A foundational myth in the myriad considerations when a defendant “chooses” to cop a plea is that it’s consensual. That means, knowing, intelligent and voluntary. And that’s a dubious proposition at best, relying on two primary things: First, that defense counsel adequately and well advises his client. Second, that both lawyer and client possess sufficient information to make a “knowing, intelligent and voluntary” decision.
Hear that sound? That’s Wild Bill Douglas chuckling in his grave.
Taking a page from the U.S. Supreme Court’s heinous playbook, a panel of the Fifth Circuit in June of 2017 reversed a $2 million judgment a jury awarded George Alvarez. In 2006, Mr. Alvarez pled* guilty to assaulting a public servant—a charge levied against him by a detention officer at the Brownsville Police Department (BPD) who claimed that Alvarez attacked him in the jail. Years into his prison sentence, Mr. Alvarez learned of a BPD videotape which proved that the officer lied when he claimed Alvarez assaulted him.
On the bright side, revelation of the video, even post-plea (not that anyone would ever plead guilty if they were innocent, of course), resulted in Alvarez being declared actually innocent. But then came the suit for damages, the cost of putting innocent guys in prison.
Although he prevailed at trial, the appellate panel reversed, holding that the prevailing case law in the Fifth Circuit does not recognize a due process right to disclosure of exculpatory information in the pre-trial plea process.
The issue is before the Fifth Circuit, en banc, for rehearing, the issue being whether the duty to disclose Brady material arises before the prosecution takes the plea. The problem is that the duty to disclose exculpatory material was established in Brady v. Maryland, but the Supreme Court neglected to provide any mechanism for doing so. When? Where? How? Whatever.
The question the Fifth Circuit must grapple with is not small potatoes. Whether prosecutors need to disclose exculpatory evidence before accepting a defendant’s guilty plea is fundamental. Well over 90% of criminal cases in most jurisdictions result in a plea. As the Supreme Court famously wrote only a few years ago (quoting a renowned law review article): plea bargaining “is not some adjunct to the criminal justice system; it is the criminal justice system.” If prosecutors have no constitutional disclosure obligations in these cases, it would be difficult to say they have any meaningful obligations at all.

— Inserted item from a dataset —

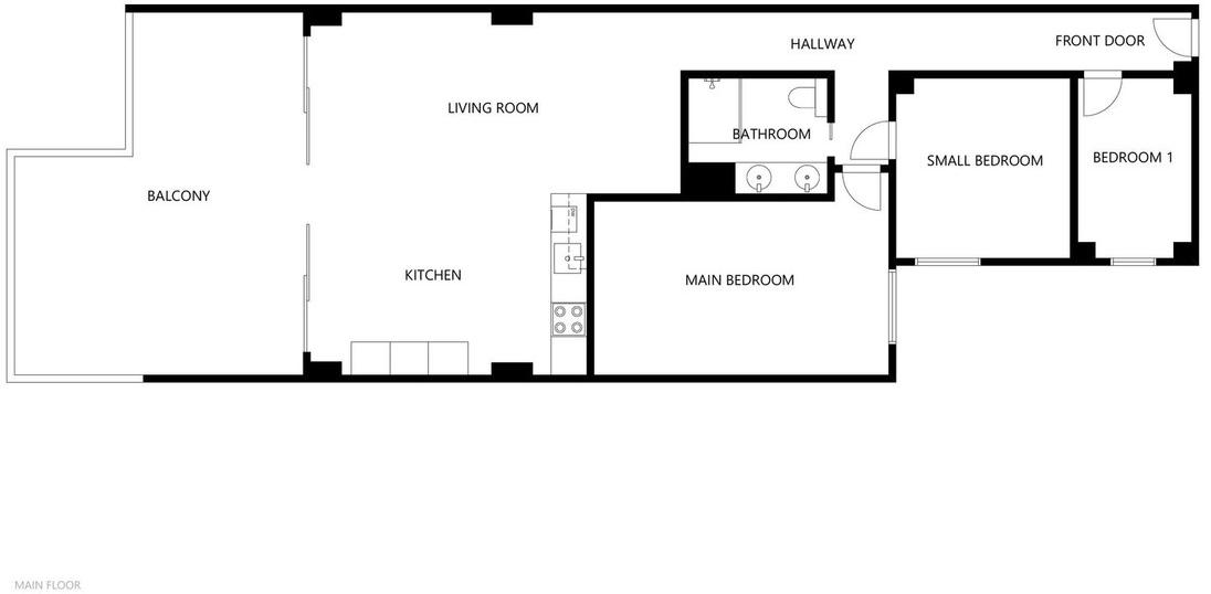 The apartment officially features two bedrooms and one bathroom, complemented by an additional room currently furnished with a bunk bed and used as an extra bedroom. This extra space makes the property flexible for families, guests, or rental purposes.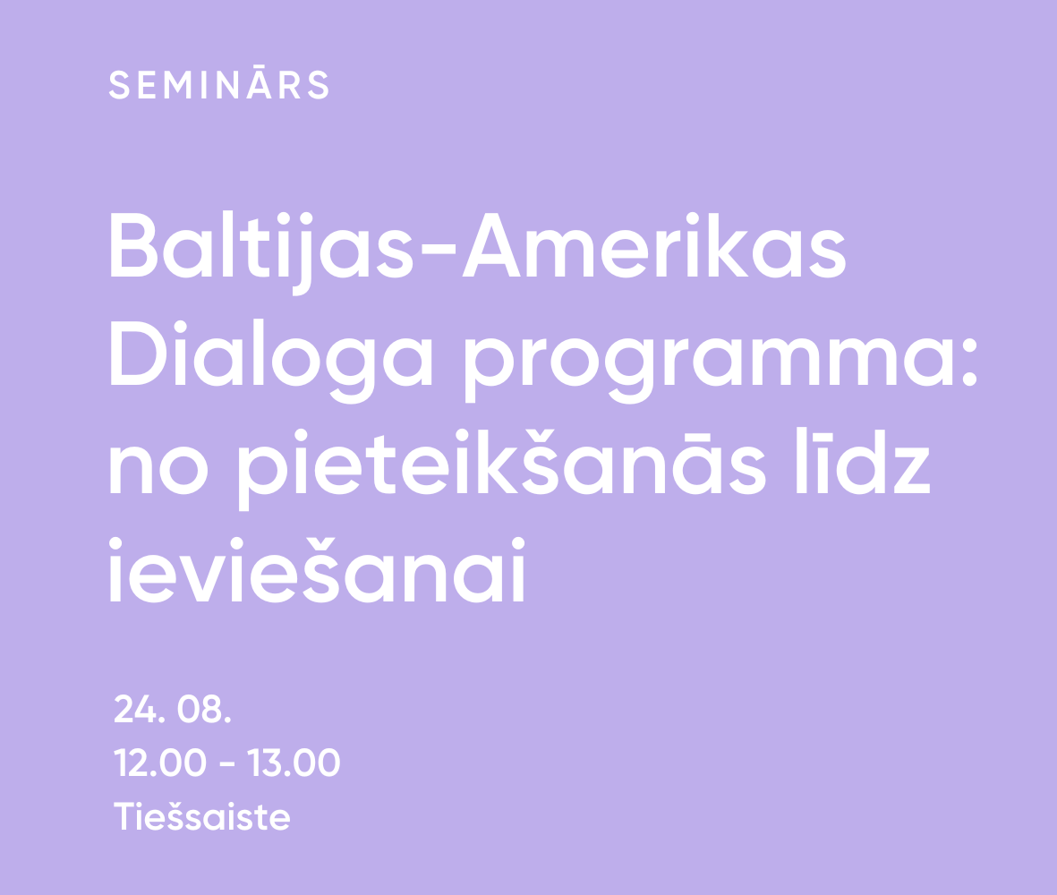 NVO nams aicina Rīgas nevalstisko organizāciju - biedrību un nodibinājumu - pārstāvjus pieteikties informatīvajam tiešsaistes semināram “Baltijas-Amerikas Dialoga programma: no pieteikšanās līdz ieviešanai”. Tiešsaistes…

Or to put it slightly more succinctly, since the vast majority of prosecutions end with a plea, Brady doesn’t help if the duty doesn’t arise until trial.
If all this strikes you as utterly inane, flying in the face of the notion that guilty pleas must be consensual, and that no one can make a knowing decision to take the deal rather than go to trial without knowing that there’s hard proof of innocence that the prosecutor is holding in his back pocket, it is.
So that’s the argument against the requirement that no guilty plea should be taken until after Brady is revealed? They’re busy. It’s hard. And what sort of idiot would take a plea if he wasn’t guilty anyway?
After all, if the Supremes held that the Constitution required disclosure of exculpatory material in advance of a guilty plea, and that a knowing, intelligent and voluntary decision couldn’t constitutionally be made in the absence of disclosure of exculpatory material, it would have said so. And it didn’t.
*Lawyers tend to use the word “pleaded.”